▸ **Your assignment**: Hunt through the entries for the word "with" and copy each line in which it appears.

─── Material for this exercise

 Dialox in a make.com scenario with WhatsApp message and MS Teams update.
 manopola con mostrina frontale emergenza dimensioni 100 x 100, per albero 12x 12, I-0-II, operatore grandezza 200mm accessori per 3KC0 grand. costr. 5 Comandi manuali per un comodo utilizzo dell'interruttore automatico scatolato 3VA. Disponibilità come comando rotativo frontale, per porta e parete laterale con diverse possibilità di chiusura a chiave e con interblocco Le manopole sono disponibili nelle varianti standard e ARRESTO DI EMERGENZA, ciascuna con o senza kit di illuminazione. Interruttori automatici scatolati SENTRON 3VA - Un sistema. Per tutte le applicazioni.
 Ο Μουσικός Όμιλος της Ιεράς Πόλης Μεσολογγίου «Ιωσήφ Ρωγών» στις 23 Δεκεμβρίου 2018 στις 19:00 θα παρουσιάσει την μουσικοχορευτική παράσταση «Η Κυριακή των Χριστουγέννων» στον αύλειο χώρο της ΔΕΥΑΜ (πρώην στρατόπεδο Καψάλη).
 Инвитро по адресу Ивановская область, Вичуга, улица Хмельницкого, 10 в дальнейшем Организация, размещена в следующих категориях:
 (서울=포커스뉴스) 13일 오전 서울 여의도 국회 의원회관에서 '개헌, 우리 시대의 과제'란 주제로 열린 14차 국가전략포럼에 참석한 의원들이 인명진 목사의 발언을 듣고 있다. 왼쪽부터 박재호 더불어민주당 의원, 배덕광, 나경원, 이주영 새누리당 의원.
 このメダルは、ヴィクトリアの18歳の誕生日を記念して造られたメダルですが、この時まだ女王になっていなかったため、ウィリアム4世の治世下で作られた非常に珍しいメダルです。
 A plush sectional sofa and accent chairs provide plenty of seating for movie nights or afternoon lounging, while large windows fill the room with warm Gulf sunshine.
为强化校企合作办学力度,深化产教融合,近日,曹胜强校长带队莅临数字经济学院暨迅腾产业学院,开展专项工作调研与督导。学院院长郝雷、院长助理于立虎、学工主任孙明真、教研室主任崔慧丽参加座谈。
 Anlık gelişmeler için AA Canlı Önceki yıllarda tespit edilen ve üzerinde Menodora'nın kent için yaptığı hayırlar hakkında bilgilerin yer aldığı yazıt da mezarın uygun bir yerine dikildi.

──────
─── Material for this exercise

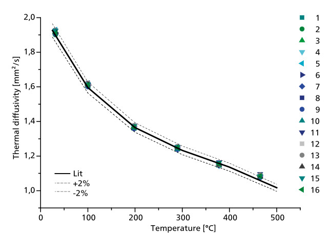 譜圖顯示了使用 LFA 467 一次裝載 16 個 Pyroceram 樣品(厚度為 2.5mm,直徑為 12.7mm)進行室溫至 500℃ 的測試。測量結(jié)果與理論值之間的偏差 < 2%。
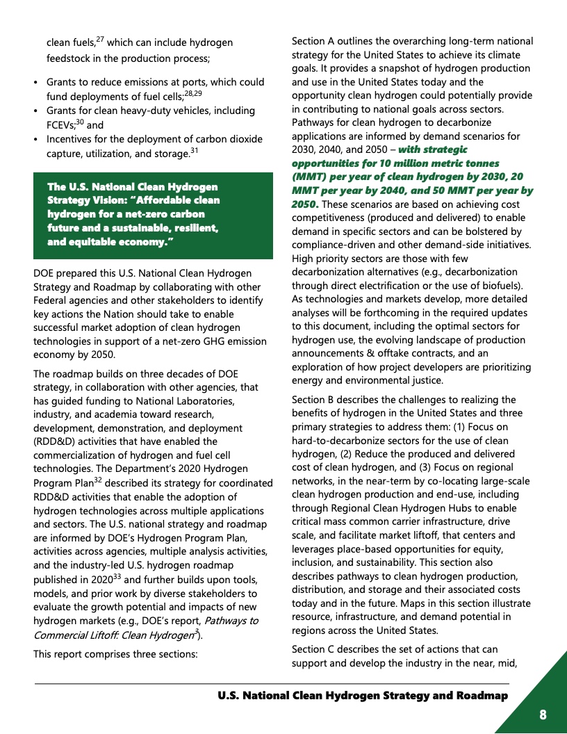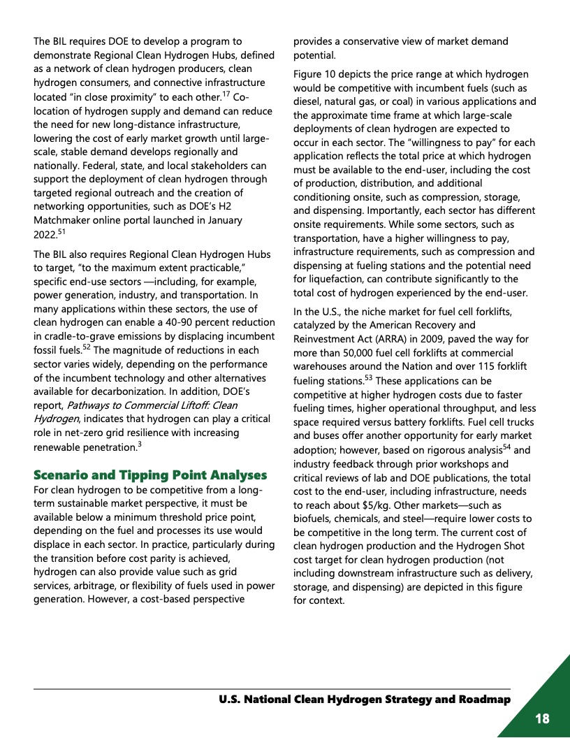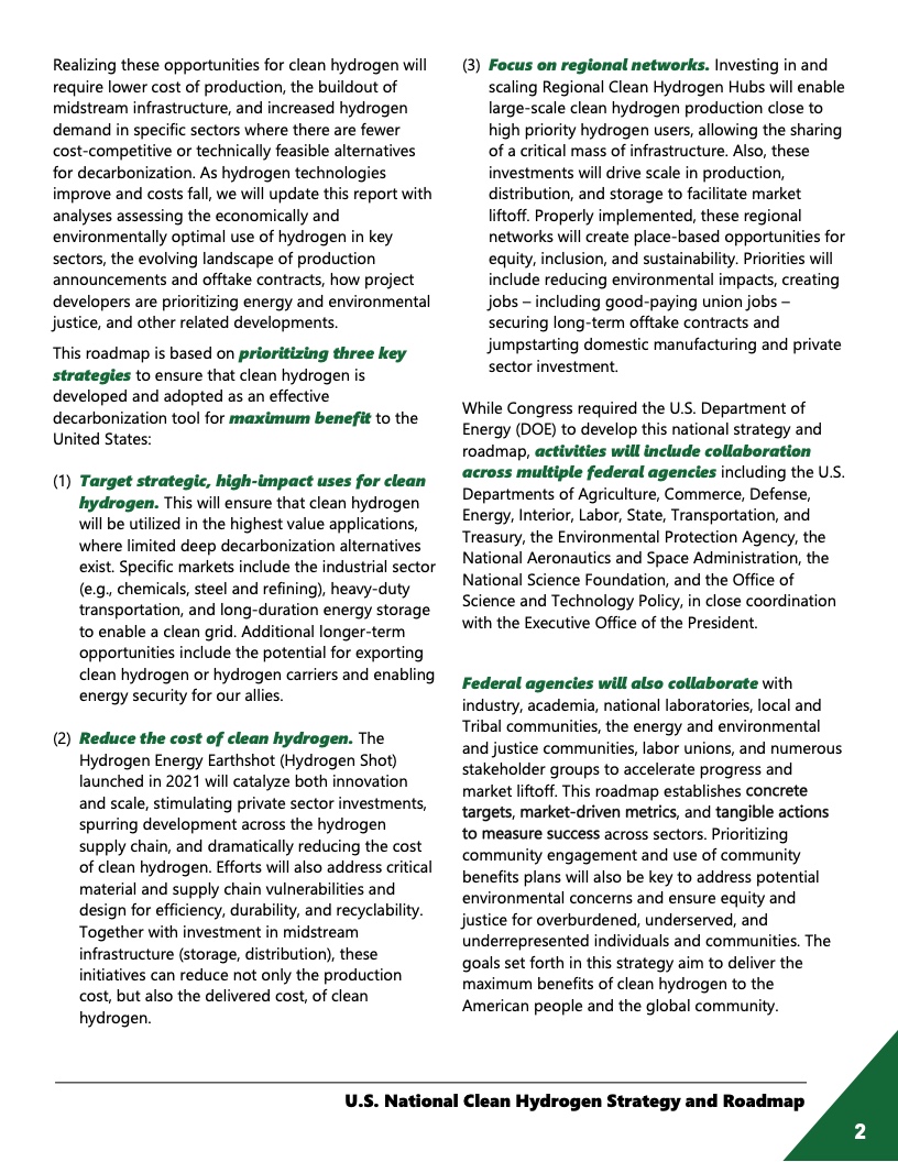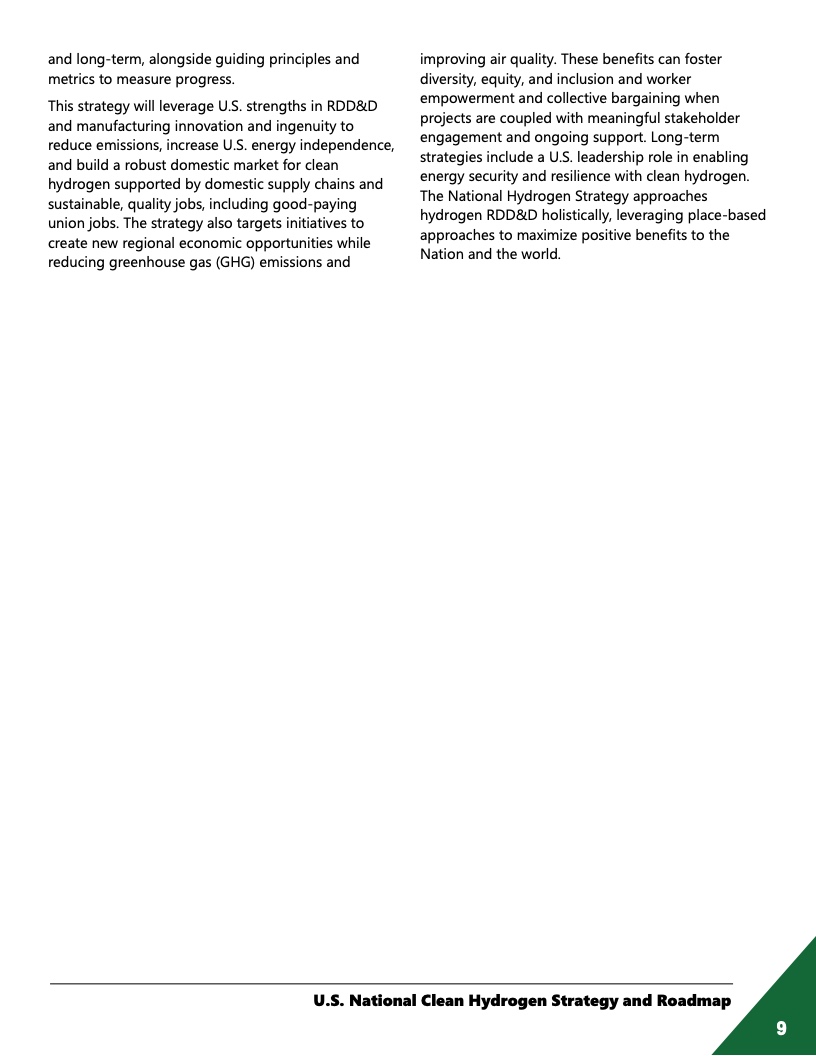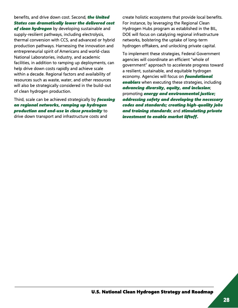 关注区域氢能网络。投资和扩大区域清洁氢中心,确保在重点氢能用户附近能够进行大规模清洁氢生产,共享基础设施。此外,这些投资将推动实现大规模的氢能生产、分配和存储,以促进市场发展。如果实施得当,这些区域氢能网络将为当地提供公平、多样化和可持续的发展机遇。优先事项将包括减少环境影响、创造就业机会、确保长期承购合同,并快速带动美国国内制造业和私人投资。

──────
─── Material for this exercise

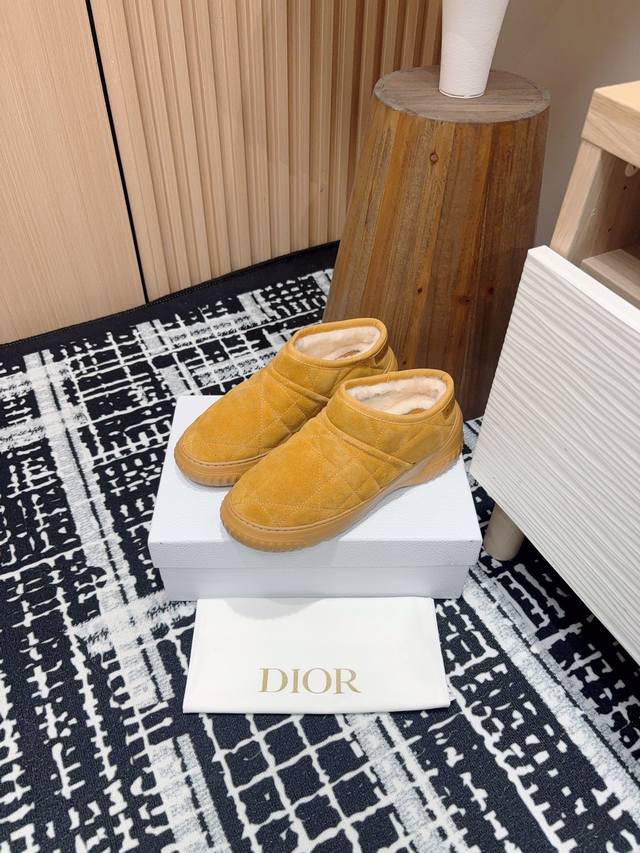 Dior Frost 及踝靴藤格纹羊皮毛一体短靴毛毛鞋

──────

▸ **Answer for this exercise**:
 Dialox in a make.com scenario with WhatsApp message and MS Teams update.
 A plush sectional sofa and accent chairs provide plenty of seating for movie nights or afternoon lounging, while large windows fill the room with warm Gulf sunshine.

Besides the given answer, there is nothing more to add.